The Ship of Birth records a father's responses in the time immediately before and after the birth of his child. Just as material significant to the dead is placed in a ship of death, so this ship of birth contains what is significant to the child: the wonder and trepidation of the parents, reflections on the nature of the soul, thoughts on the future growth of the child. Greg Delanty's poems draw on his experiences in American and Irish cultures, using the traditional verse structures of seventeenth-century religious poets along with open modern colloquial forms to evoke the subtle interconnections of the past and future. Delanty acknowledges the dark and difficult reality that the child faces, while affirming the sustaining continuity of life.

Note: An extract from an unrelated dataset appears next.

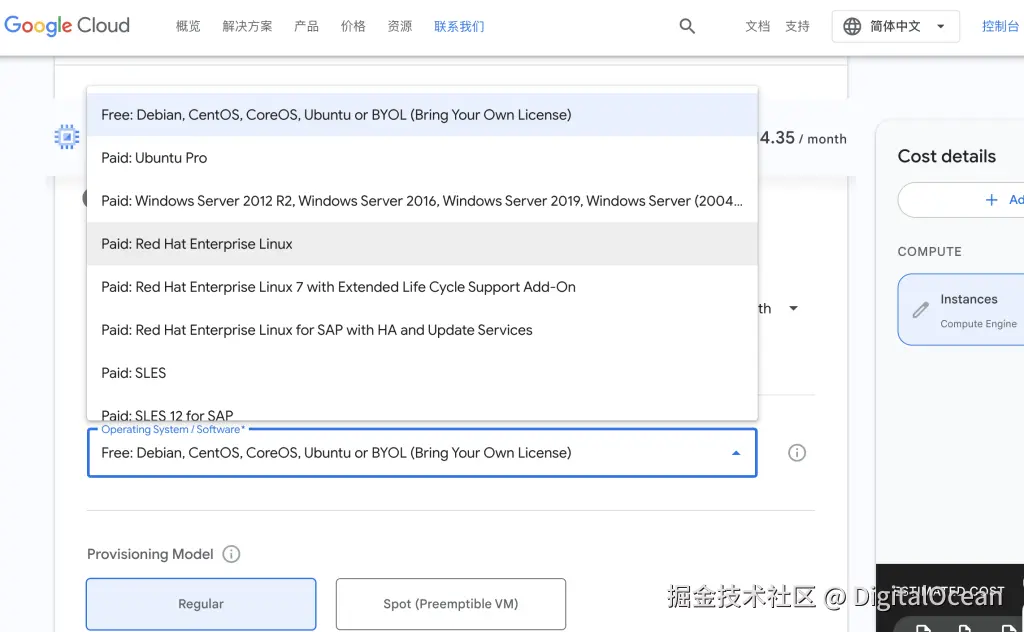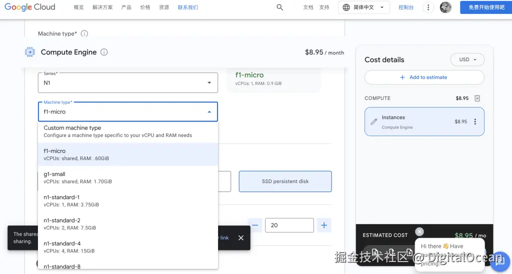 另外,如果你不满足于 1 vCPU、0.9 GiB RAM的配置,那么就需要选择其它机型。但其它机型就不再有免费的出站流量了,而且价格会更高一些。

The CoronationYour head settles into the pelvic butterfly
of your Ma. Perhaps it's here the soul penetrates
your potentate's body as you slowly pry
your way out of your watery, burgeoning state.
You make, at best, a willing but much-pressed
subject and servant of your loyal queenmother,
what with your tantrums giving her small rest,
waking her at all hours; and every other
minute ordering her to sit on the throne.
You've grown large and despotic, a parody
of a mad medieval king who is prone
to great and unpredictable cruelty,
and who now, if we look at Your Highness upside down,
wears our unsettled kingdom's Pelvic Crown“The Coronation” published in The Ship of Birth by Greg Delanty.
Copyright © 2007 by Greg Delanty All rights reserved.
Greg Delanty was born in Cork City, Ireland, and maintains dual citizenship in Ireland and the United States, where he has lived since 1986. He is the author of No More Time and Book Seventeen, among many other poetry collections, and he has received numerous awards for his work, including a Guggenheim Fellowship. He teaches at Saint Michael’s College in Vermont.